1 Answer Dan, The voltage to the safety valve should be 3.2 to 3.6 vac. If there is proper voltage then the valve would be faulty. As for the issue with the electrode not sparking you would want to a continuity test on the electrodes but also on the wires going to the electrodes. You may have a cracked or damaged electrode. Read More...
Al July 31, 2015 for Model Number fgfl67hsg The top burners would not light, I replaced the regulator, now the oven lights but heats up slowly is the safety valve bad?
1 Answer Al, You will want to test the resistance of the oven sensor to ensure that the sensor is good. The resistance should be approximately 1090 ohms at room temperature of 77 degrees. When the temperature goes up you will have to add 2 ohms per 1 degree that it goes up. If the sensor does not have the proper resistance then the sensor will need replaced. Read More...
Chris L March 31, 2014 for Model Number Frigidaire FGF368GCE I recently received a range from my brother-in-law. It was working ok, but I noticed it had a high-pitched squeal whenever I turned it on. I had a gas guy come out and he thought I was getting too much gas to my house. Sure enough, I had the gas company come out and they said there was 3/4 PSI getting to my water heater downstairs which is about 3 times more than it can handle. I am having the gas guy come back out and put gas regulators at each gas appliances but in the meantime, my range has had an issue with the Oven/Broiler. The top burners come on (Even though they make a horrible squeal) but the Oven/Broiler will not come on at all. I have looked at both and the elements light up but I do not hear or smell gas. I am concerned that the valve that feeds these may be damaged but I want to know if there is a way to test the valve before replacing it (As it is a fairly costly piece) or could it be something else like maybe the switch on the back got partially turned off, electric control board, etc.

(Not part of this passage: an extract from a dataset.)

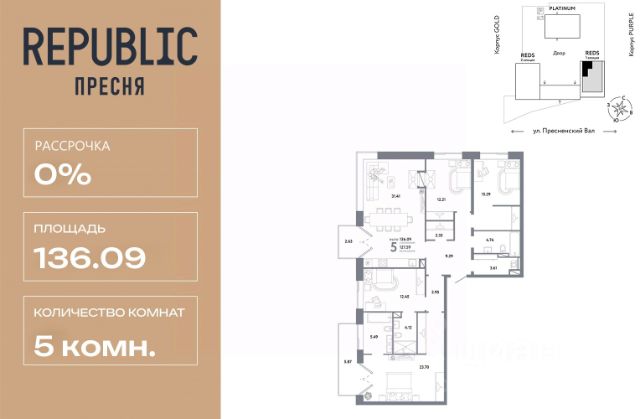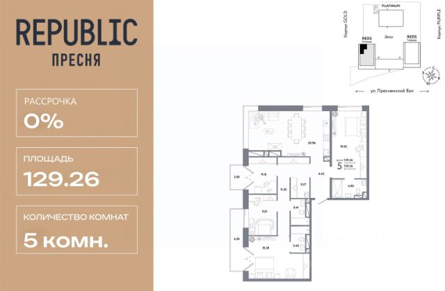 Новая квартира в ЖК "Republic" напрямую от федерального застройщика "Страна Девелопмент". Продается 5комнатная квартира на 26 этаже от застройщика Страна Девелопмент. Площадь квартиры 140,49 кв. м. Дизайн-квартал "Republic" — новый проект премиум-класса в Москве. 10 жилых башен и 4 восстановленных здания локомотивного депо образуют уникальное пространство. "Republic" — место, где вы ощутите гармонию истории и современности. Детский сад, SPA-комплекс с бассейном, гастрономический и шопинг-центры, собственный бульвар и яркие арт-пространства — для жителей предусмотрены все элементы премиального комфорта. Преимущества Уникальная жизненная среда, где инфраструктура включает гастрономию, SPA-комплекс с термами, образовательные и развлекательные заведения, арт-пространство и шопинг-аллеи. Двор от британского бюро "Gillespies": на 4 гектарах закрытого двора расположится 7 игровых зон для разных возрастов с ручьем и сухим фонтаном, арт-галерея под открытым небом и большой прогулочный бульвар. Лобби с террасой в башнях "Reds" — лаконичное пространство галереи-лобби, где можно проводить деловые и дружеские встречи, не нарушая приватности квартиры. В тёплое время года не остаётся пустующей терраса на крыше, которая привлекает непринуждённой атмосферой и прохладительными напитками в баре. Клубная гостиная — стильное пространство оборудовано кухней и залом для торжеств на 40 человек, а для того, чтобы побыть наедине с собой, почитать книгу или провести онлайн-встречу в гостиной оборудована мастерская с библиотекой. Уникальные форматы квартир, где можно реализовать любой жизненный сценарий: от стильного офиса в двухэтажной квартире до угловых лотов с просторными гостиными. А эксклюзивные пентхаусы с высокими потолками и панорамными окнами дарят захватывающие виды на Москву.. Отделка Квартиры сдаются без отделки или в формате White box. При отделке White box уже были выполнены все шумные и грязные работы руками наших специалистов: произведена разводка электричества с установкой подрозетников, установлены откосы из гипсокартона, устроена стяжка пола с шумоизоляцией. Способы покупки Сотрудники "Страна Девелопмент" будут сопровождать вас на каждом этапе сделки, помогут получить одобрение по ипотеке или снизить ежемесячный платеж. - ипотека - рассрочка - с использованием материнского капитала - 100% оплата наличными Продам 5-комнатную квартиру с евроремонтом рядом с метро Белорусская.
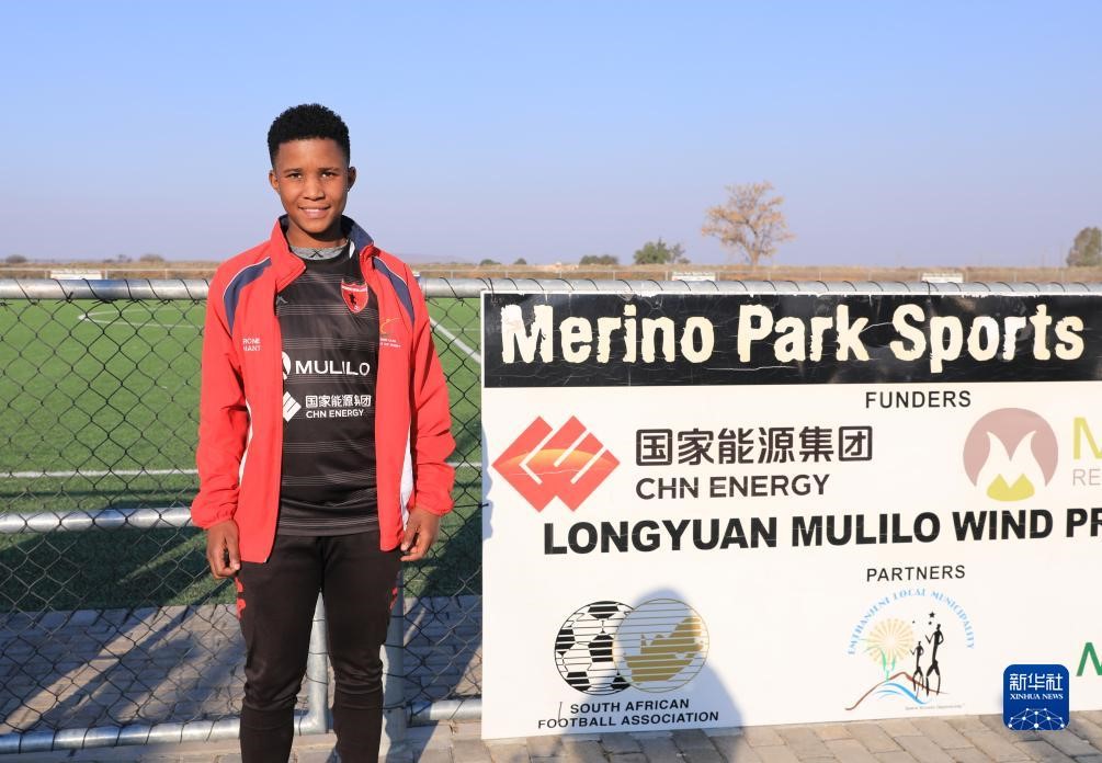 | Gambar diambil pada 10 Ogos menunjukkan seorang murid sekolah menengah diwawancara di tepi padang bola sepak yang diubah suai dengan bantuan Longyuan South Africa Renewables. (Foto/Xinhua) |

1 Answer Chris, Test for 3.2-3.6 amps at the gas safety valve with the igniter turned on. If the voltage is there, you have a bad safety valve. If the voltage is low, you have a weak igniter and the igniter will need to be replaced. You can test this with a multi-meter TJMA-DMT3. Here is a link on how to use a multi-meter. http://forum.appliancepartspros.com/oven-repair-including-ranges-cooktops/4810-how-check-continuity-ohmmeter.html Read More...
Lucy November 24, 2013 for Model Number 316404901 Top broiler lights up, but bake doesn't come on. Controller says prelite.
1 Answer Hello Lucy. You need to test for power from the control to the bake. If it is not there, replace the controller. You can test this with a multi-meter TJMA-DMT3. Here is a link on how to use a multi-meter. http://forum.appliancepartspros.com/oven-repair-including-ranges-cooktops/4810-how-check-continuity-ohmmeter.html Read More...
Chris November 09, 2013 My mother has a Kenmore oven 970 which has a dual safety valve (#316404901). The upper broiler ignites - no problem. However, the lower igniter does not light up. I changed the igniter and still does not light up - nothing. I have done a continuity test on the valve and the meter beeps (continuity with tone setting) on both terminals of this dual valve. I expected this on the valve controlling the upper igniter, but not on the terminals for the valve controlling the lower igniter. So you know, the meter will beep for resistance of 50 ohms or less - according to specs - indicating there is continuity. When I set the meter at the lowest ohm setting it shows the same reading for both terminals as .002. Your thoughts.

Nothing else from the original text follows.